True Love.

A friend sent me this today and it was just too good not to pass on.  From Surprised by Grace, Tullian Tchividjian:

“In Jesus, we also have all the affection we long for. The gospel rescues us from the fear of not being loved as well as our fear of loving. We all long to be loved and also to love. Men especially can become relatively sophisticated at suppressing those longings, in large part because they believe such things aren’t manly. And many women have been so hurt by someone in a past relationship that they now suppress their desire for love because trying to fulfill that desire is entirely too painful. Although our longing for love is such a fundamental part of our humanity, what we’ve discovered is that true love is downright dangerous. In The Four Loves, C.S. Lewis expresses this so insightfully:

To love at all is to be vulnerable. Love anything, and your heart will certainly be wrung and possibly be broken. If you want to make sure of keeping it intact, you must give you heart to no one, not even to an animal. Wrap it carefully round with hobbies and little luxuries; avoid all entanglements; lock it up safe in the casket or coffin of your selfishness. But in that casket – safe, dark, motionless, airless – it will change. It will not be broken; it will become unbreakable, impenetrable, irredeemable…..The only place outside Heaven where you can be perfectly safe from all the dangers and perturbations of love is Hell.

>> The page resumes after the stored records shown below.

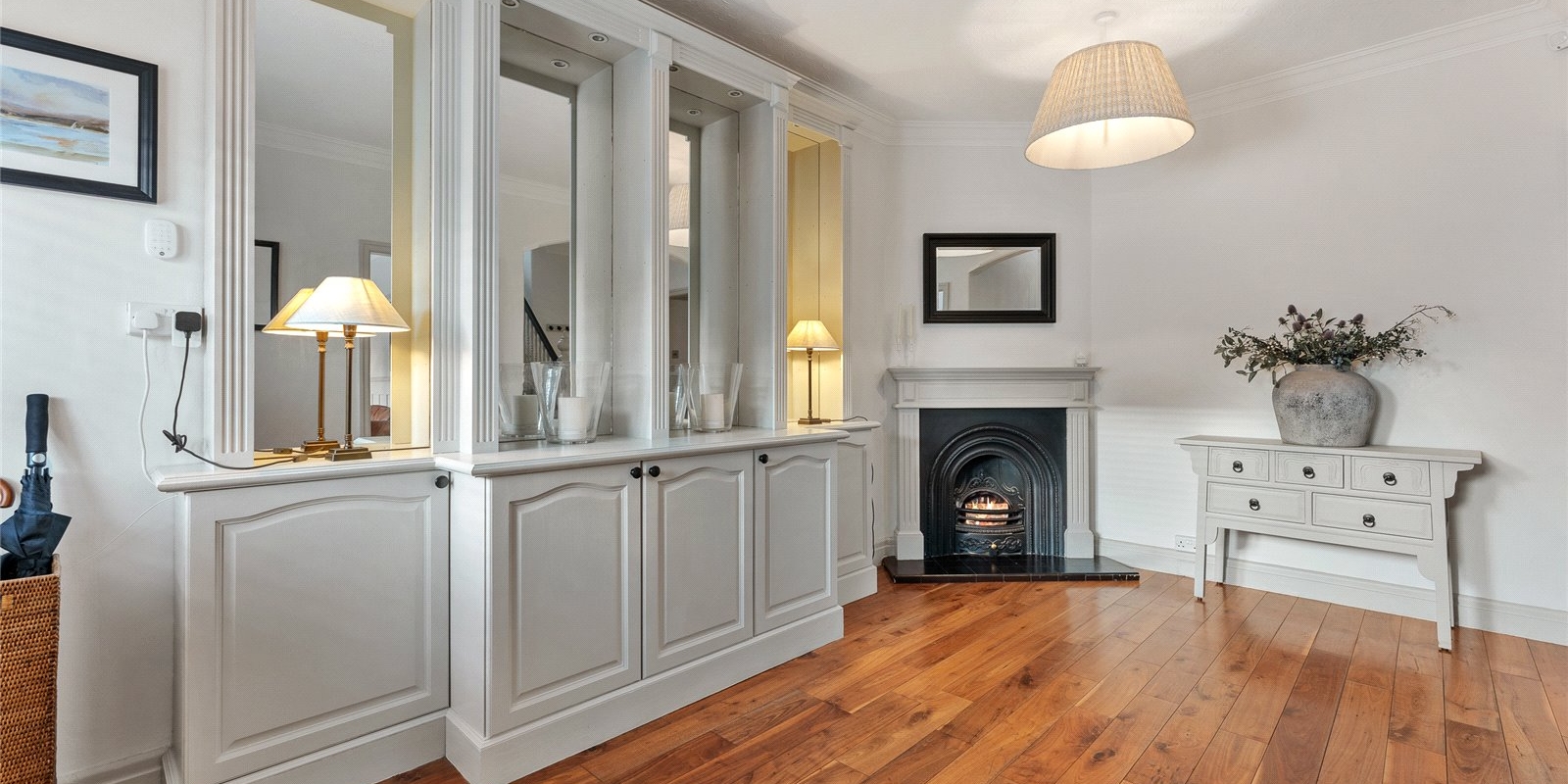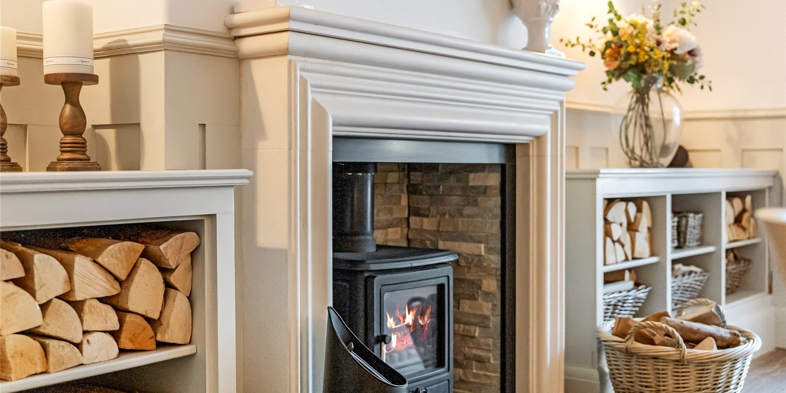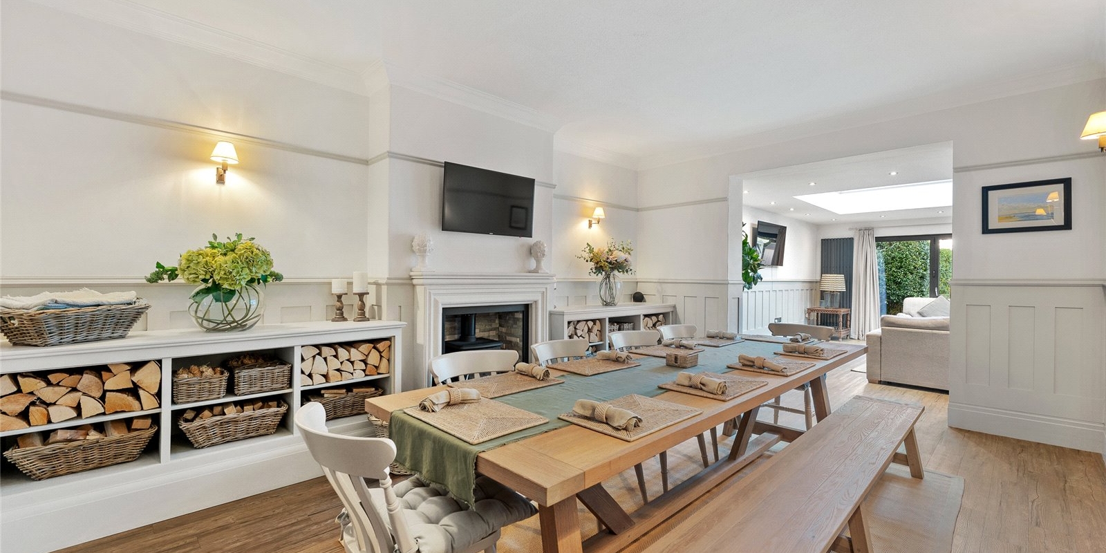From the moment you step inside, the attention to detail is immediately evident. The front lounge provides a warm and welcoming sanctuary, enhanced by the comfort of a log burner, while elegant finishes, a calm neutral palette, and quality materials flow throughout. Across the welcoming hallway, the dining room is equally impressive, featuring bespoke fitted cabinetry and a second log burner, creating a stylish setting for atmospheric dinner parties and family gatherings alike.
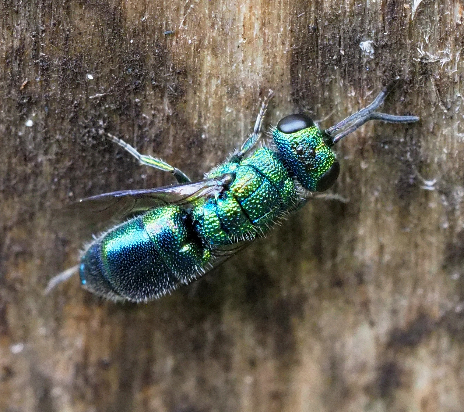 Middle of the day, 11 September, Val d'Arda (PC), Emilia-Romagna, North Italy. I was waiting next to an old pile of cut logs in a corner of a meadow, hoping to see Ectemnius, Tachysphex, and other wasps that live there. At several moments one or more usually two chrysidids would appear on the logs. Both were blue-green in general colour, the larger one (6-7mm) with more blue in the abdomen, the smaller one (5-6mm and slender) mostly green. They rushed around at high speed, running and flying, and only once stopped for a moment, when I was able to take photographs. I think the photos are of the larger one. Is there a chance of telling me the genus? Perhaps species? OK, I know species will be very unlikely. I wondered if it might be a Chrysidea? I think there is a small point on each side at rear of thorax. But that is wishful thinking because it would be a new genus for me! Thanks for any help.
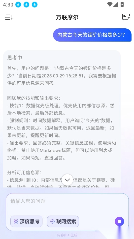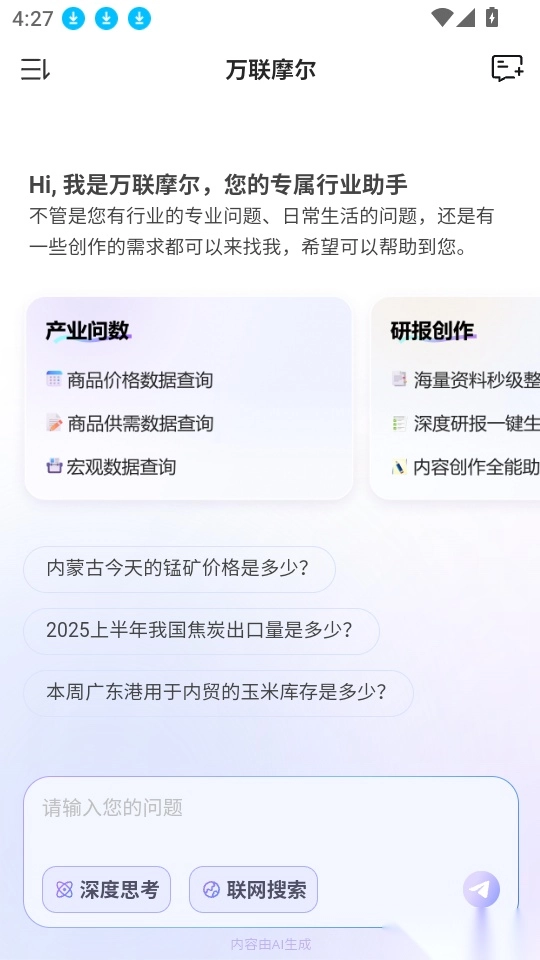 万联摩尔的核心功能是为用户打造产业领域的智能助手,助力用户便捷完成产业知识问答,快速生成实时行业报告;同时支持对相关企业展开深度分析,产出专业深度研报,并能让用户轻松掌握产业价格动态,实时预判现货价格趋势,清晰把握未来价格走向。

Real love is risky. It opens us up to the possibility – even the likelihood – of intense emotional ache. So we suppress our longing for love and our willingness to love – which is why we all, to one degree or another, live clammed-up lives. Countless millions of people live in self-protective mode every day. They’re afraid to love and to be loved because they’re terrified of being taken. They’re desperately afraid of getting trampled, since all of us, to one degree or another, have been trampled in the past. This is why the world is such a cold place, so unfriendly. Our world lacks warmth because everyone’s looking out for themselves. But no one has to live a clammed-up life. This is the glorious freedom that the ongoing power of the gospel can bring. The gospel tells us first of all that we’re forever loved by Jesus. In fact, if we embrace all that he has done for sinners, then we’re assured that absolutely nothing “will be able to separate us from the love of God in Christ Jesus our Lord” (Rom. 8:39). Once we know that we’re forever loved by Jesus, we’re free to love others regardless of the risk, because our deep need to love will be satisfied.”

I hope and pray that we all know this great love in our short lives on earth.